Permanently Deleted

  • Good_Username [they/them,e/em/eir]
    ·
    4 years ago

    You know what gets me about this whole situation? People who are against the use of puberty blockers nearly always cite the fact that the vast majority children who get them for gender-related reasons later go on to take cross-sex hormones. And like, yeah, if puberty blockers are hard to get (and they are) then only the most obviously trans teens are going to have them prescribed. And guess what? A teen who is super, obviously trans is almost certainly going to want/need hormones.

    It's just an infuriating twisting of statistics to try and paint puberty blockers as an irreversible decision that teens are unable to make when that's just not true if you think about it for half a second.

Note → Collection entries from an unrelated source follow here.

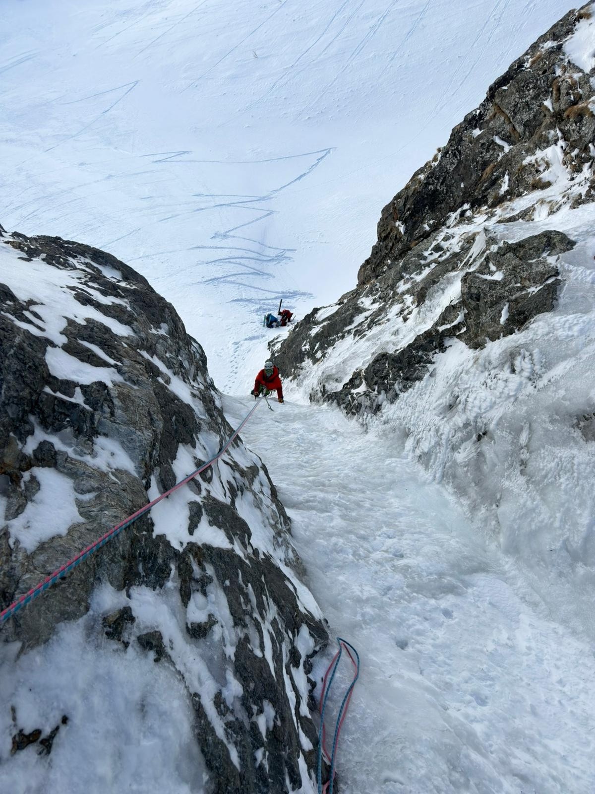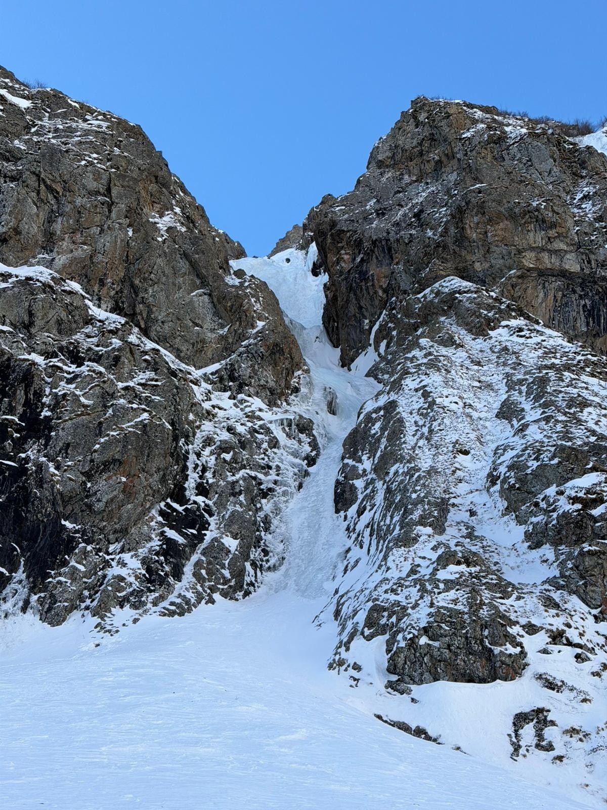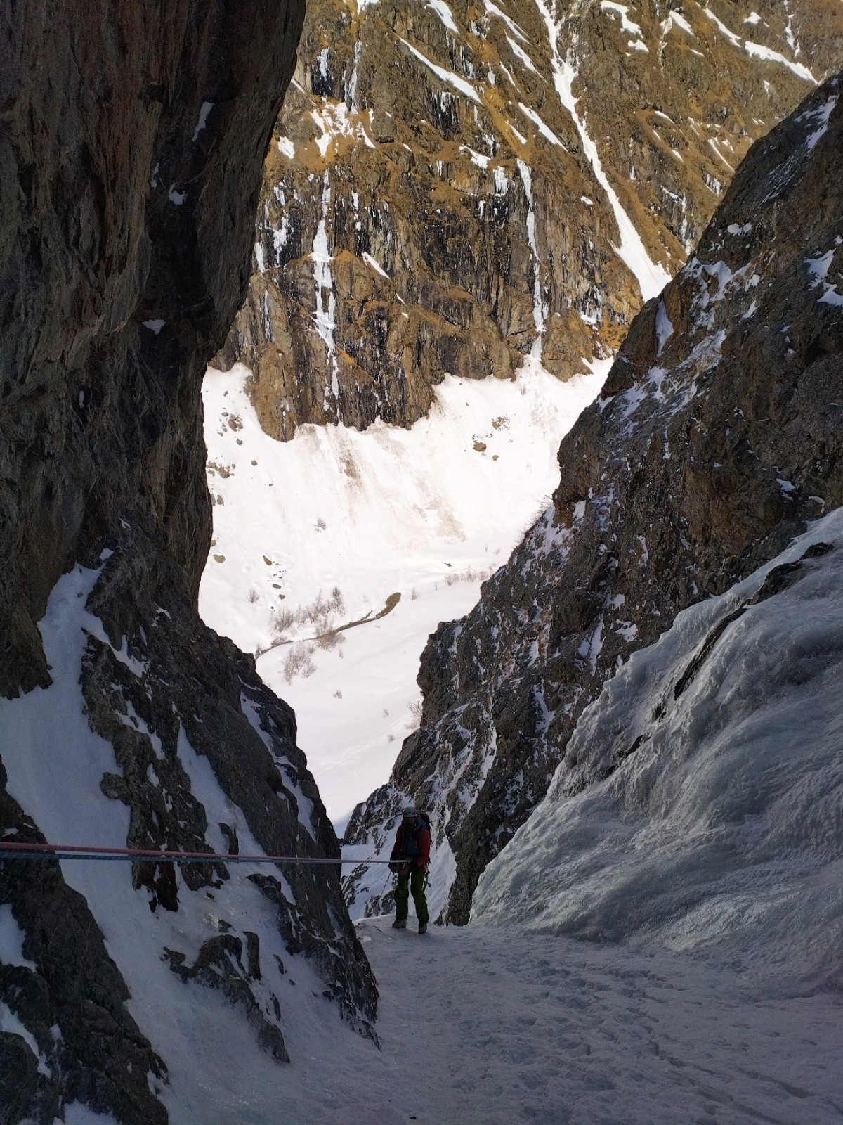 Pour L3 le copain file et disparait derrière le ressaut. Puis, un couloir à 45° dans une neige par faite à skier (mais c'était sûr en fait, c'était sûr!) plus tard, on se retrouve devant L4. Et là, j'ai bien envie de partir dans la variante à droite en IV+ , tant qu'à faire, on n'est pas venu ici pour du III !
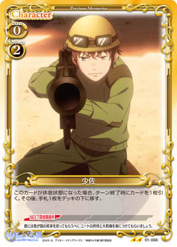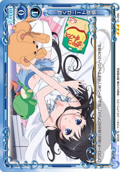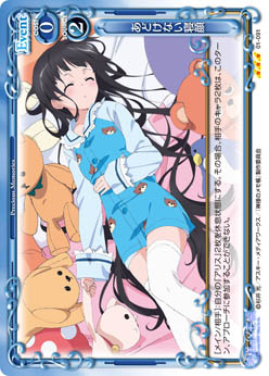 | このカードが妨害に参加した場合、相手の捨て札置き場にあるキャラ1枚を指定する。その場合、そのキャラと同じ名称の相手のキャラ1枚は、このターン、テキストを使用することができない。 | ||
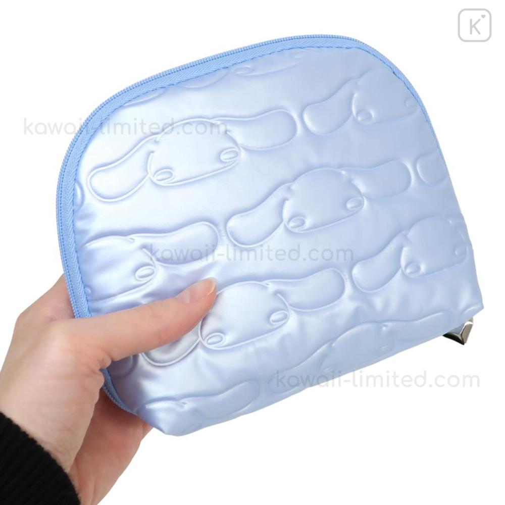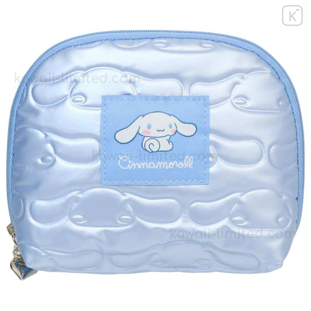 Japan Sanrio Round Cosmetic Pouch - Cinnamoroll : Glossy Pearlescent Embossed
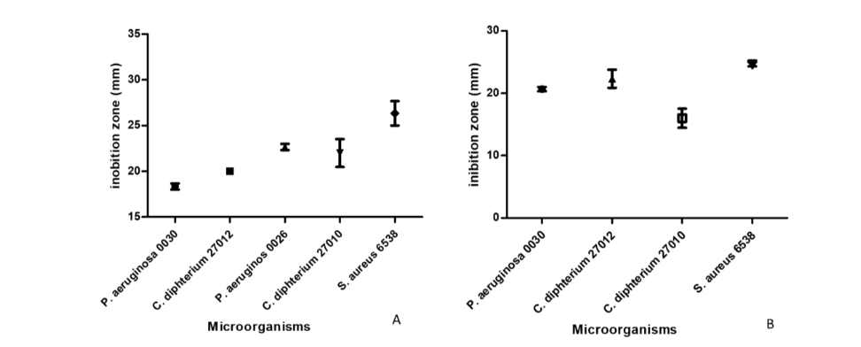 The bacteria Staphylococcus aureus ATCC 6538, Pseudomonas aeruginosa ATCC 0030, Pseudomonas aeruginosa ATCC 0026, Corynebacterium diphtheria ATCC 27012, and Corynebacterium diphtheria ATCC 27010 were grown on Mueller Hinton agar plates for 24 hours at 37°C, and then diluted with 0.9% saline according to standard turbidity of 0.5 McFarland tube (108 CFU mL-1).
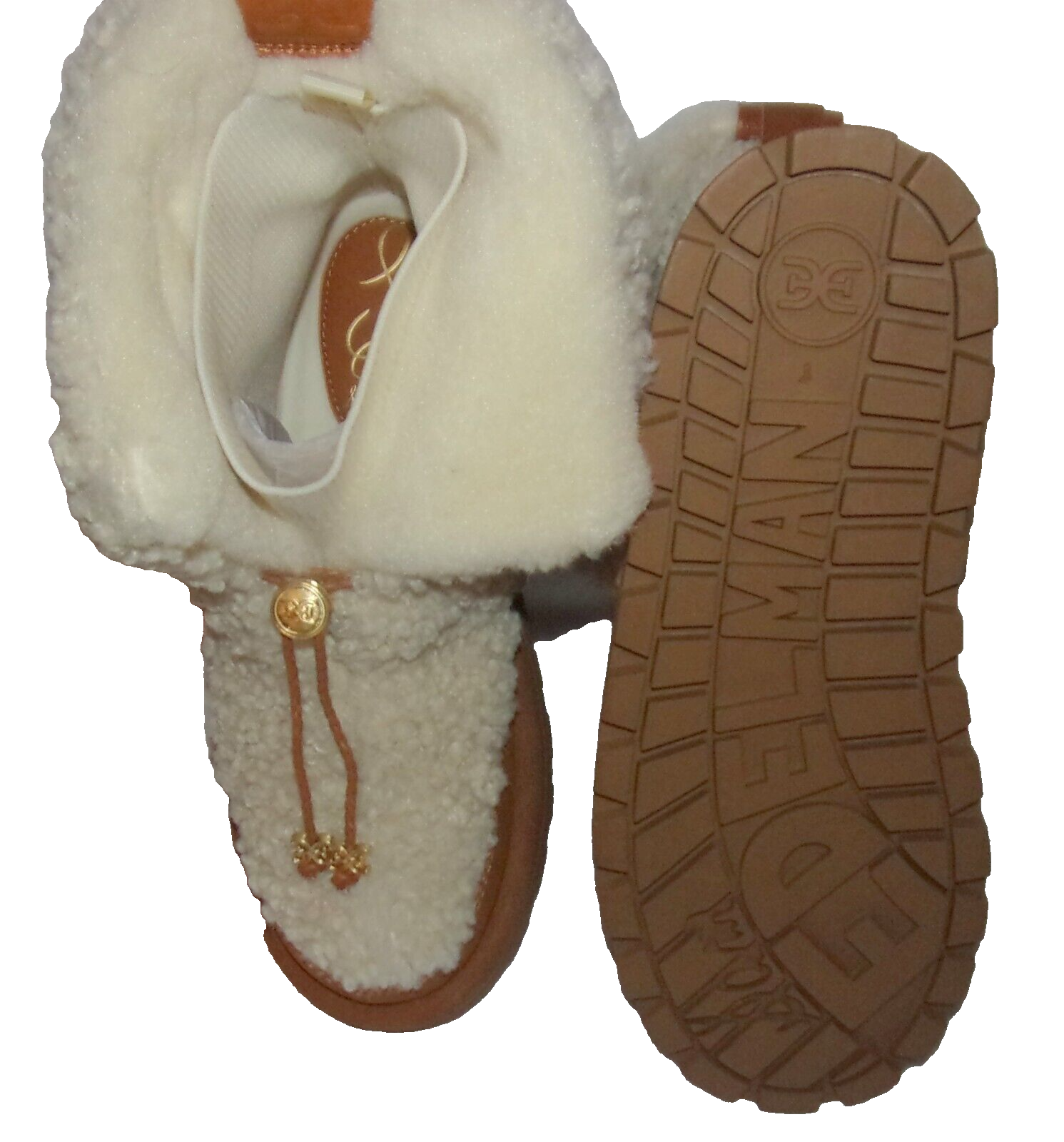 NIB Sam Edelman Olin Natural Brown Shearling Lug Sole Ankle Boots 8 M A foldover cuff plays up the casual vibes of a stylish short bootie grounded by a lug sole. 7 1/2" shaft Pull-on style; elastic laces with adjustable toggle closure Synthetic and textile or synthetic, textile and synthetic faux-fur upper/textile lining/synthetic sole Imported
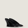 - Heeled mules in patent calfskin leather.
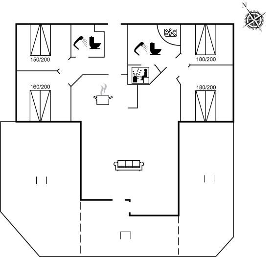 Der er i alt 4 soveværelser. Sovepladserne fordeler sig på: 8 sovepladser i dobbeltsenge. Derudover er der 1 stk. barneseng.
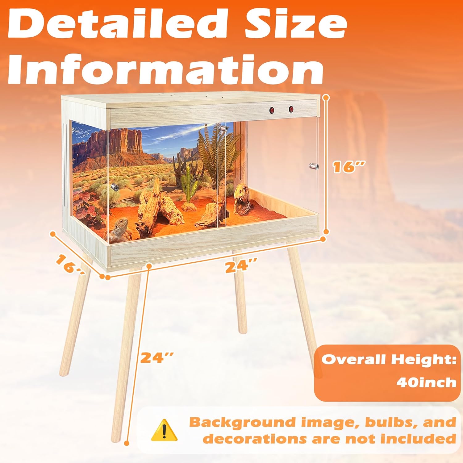- 【Premium Craftsmanship & Materials】Built with natural wood and strong tempered glass, this reptile terrarium combines strength with a sleek, modern look. The interior is coated with a water-resistant finish for long-lasting use, while the acrylic bottom panel ensures dependable moisture protection against spills and substrate buildup. Its roomy design provides ample space for your reptile to climb, bask, and hide—encouraging natural activity and supporting overall well-being. Available in 4 sizes, each enclosure comes with 4 sturdy legs (see image 2 for detailed dimensions).
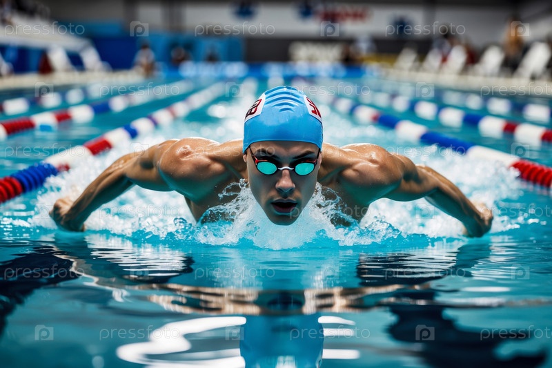 Мужской спортсмен пловчик плавание скоростная гонка в бассейне, летние Олимпийские игры соревнования AI Generative
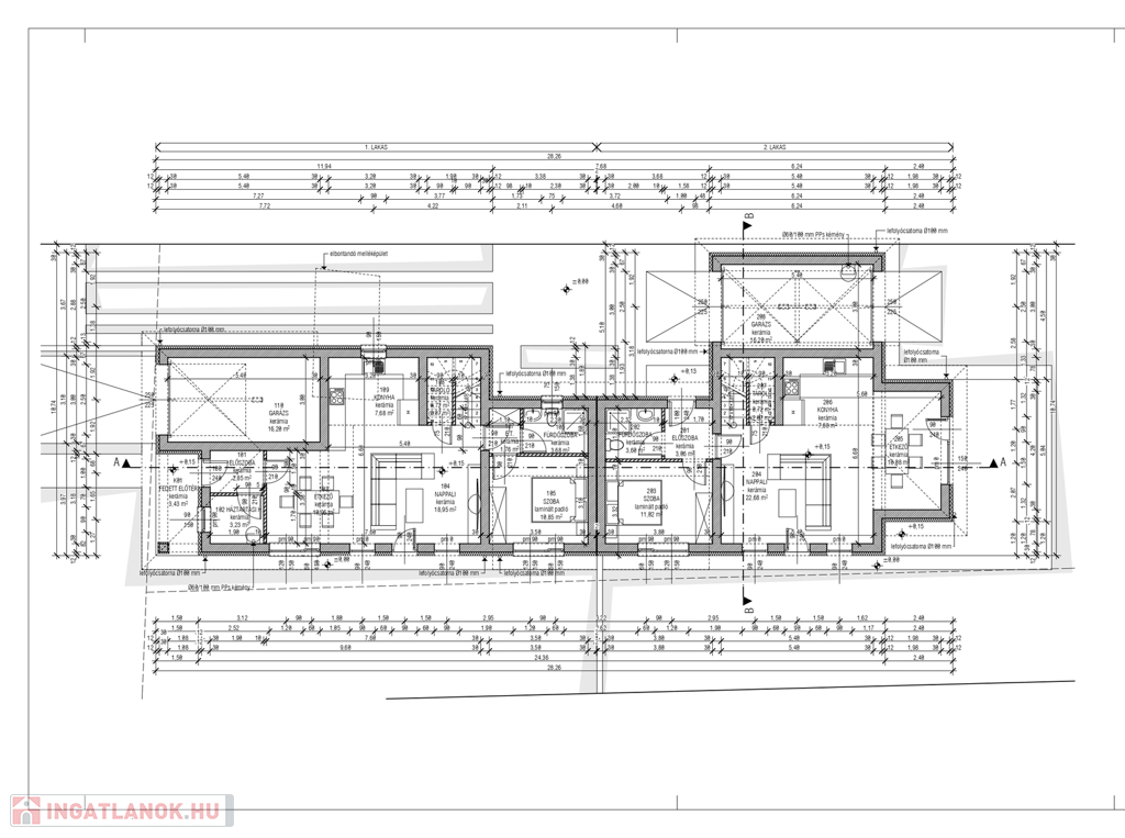 Nyíregyháza Nyírszőlős frekventált övezetében, ÚJ ÉPÍTÉSŰ 111 nm-es, 3 szoba +nappali étkező konyha egy légtérben, 2 fürdő és 2 wc-vel, választható járólap és laminált parketta burkolattal, 3 réteg üvegezésű műanyag nyílászárókkal, egyedi gáz padló fűtéssel kondenzációs gázkazánnal, 2 db inverteres hűtő-fűtő klímával, szintes ikerház, 400 nm-es telken, 16 nm-es garázzsal, épített kerítéssel, nyári átadással eladó. Az ingatlan 15cm-es homlokzati, 30 cm-es födém és 10 cm-es aljzat szigeteléssel lesz ellátva. Földszinten található: nappali étkező konyhával teraszkapcsolattal, 1 hálószoba, zuhanyzó wc-vel, 16 nm-es garázs. Emeleten: 2 hálószoba, fürdő wc-vel.Az ingatlan azonosítója: 99537Érdeklődni: +36702560693 Az ingatlan azonosítója: 99537 Érdeklődni: +36702560693
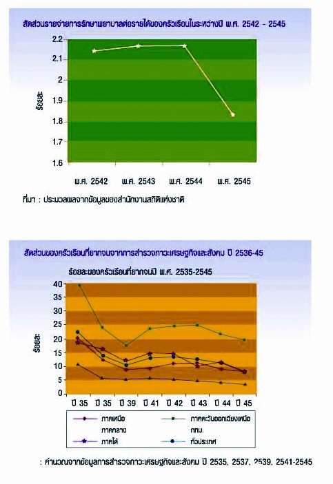ในภาพที่ 1 และ 2 แสดงให้เห็นแนวโน้มค่าใช้จ่ายด้านสุขภาพ ในปี พ.ศ. 2542- 2545 และครัวเรือนที่ยากจน ในช่วง 10 ปี ระหว่างปี พ.ศ. 2535-2545 ที่เป็นไปในทิศทางร่วมกันคือ ลดลงชัดเจนในปี พ.ศ. 2545 ซึ่งเป็นปีแรกในการดำเนินโครงการหลักประกันสุขภาพถ้วนหน้า
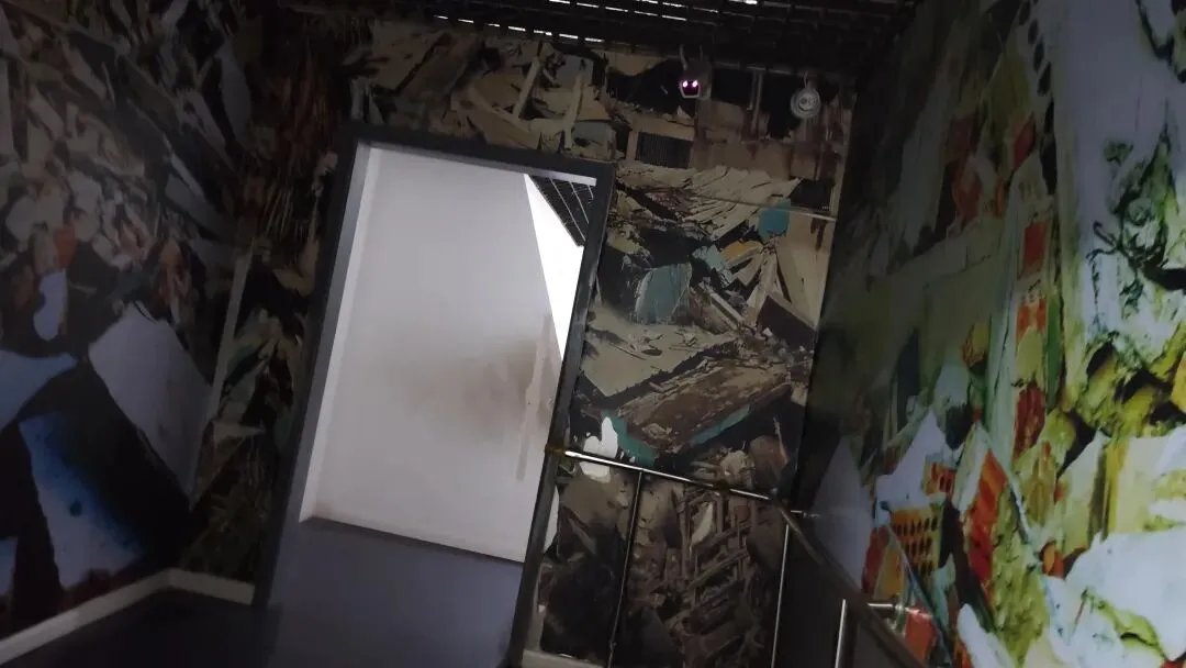 有一个项目模拟地震后的房屋,稍微小了点,体验还挺新奇的。负一层还在修建,只能从大厅中后段才有路可以下去。
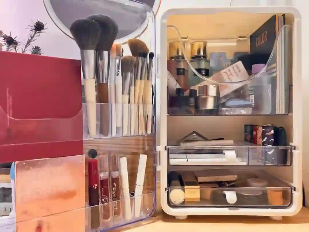 被挤到斗柜上的化妆品们,每次拿取都很不方便

    All in all, the whole "let's force trans kids to experience the wrong puberty because there's a microscopic chance that maybe a cis kid might experience the wrong puberty if we let trans kids be happy" pisses me off to no end.

    • ynyjn [he/him]
      ·
      4 years ago

      People who are against the use of puberty blockers nearly always cite the fact that the vast majority children who get them for gender-related reasons

      I really don't feel like going and reading that garbage again, but iirc that was actually a big part of the ruling. The judge said that because most people who get puberty blockers eventually go on to get HRT, the decision to get puberty blockers is actually a massive life-changing decision and not something that can be reversed later on with relatively little consequence. She also kept complaining that they haven't collected data on every random thing she could think of (e.g. what percentage of people on puberty blockers are autistic) and inferred from that that it's actually a highly experimental treatment.

      Everything about this is just so outrageous. The fact that they got to cherrypick two highly atypical people to bring the case - a detransitioner and a parent trying to stop their kid from transitioning - while no trans people or organizations were allowed to intervene. The fact that the sole defendant (the part of the NHS that provides gender services to kids) is not exactly fully on board with trans people and failed to vigorously defend themselves, e.g. they declined to argue that parents could consent on behalf of their kids even if the kids themselves can't. The fact that the judge who wrote the ruling is the daughter of a fucking baron and went to an exclusive private school.

      And supposedly some of the people involved in bringing the case were mainly motivated by trying to weaken the principle that kids can get medical treatment without their parents' approval or knowledge, provided that they're capable of understanding it. Now they've successfully argued that puberty blockers are just too fucking complicated for 15-year-olds to understand (and even 17-year-olds, unless they have a judge helping them), they're probably going to try and make the same arguments about abortion, contraception, STI tests and who knows what else.

      • Good_Username [they/them,e/em/eir]
        ·
        4 years ago

        I hadn't even thought about the fact that this ruling could very easily be used to undermine reproductive healthcare for teens. That makes me sick. And using transphobia as a weapon to do it, that's awful. Layers and layers of awful.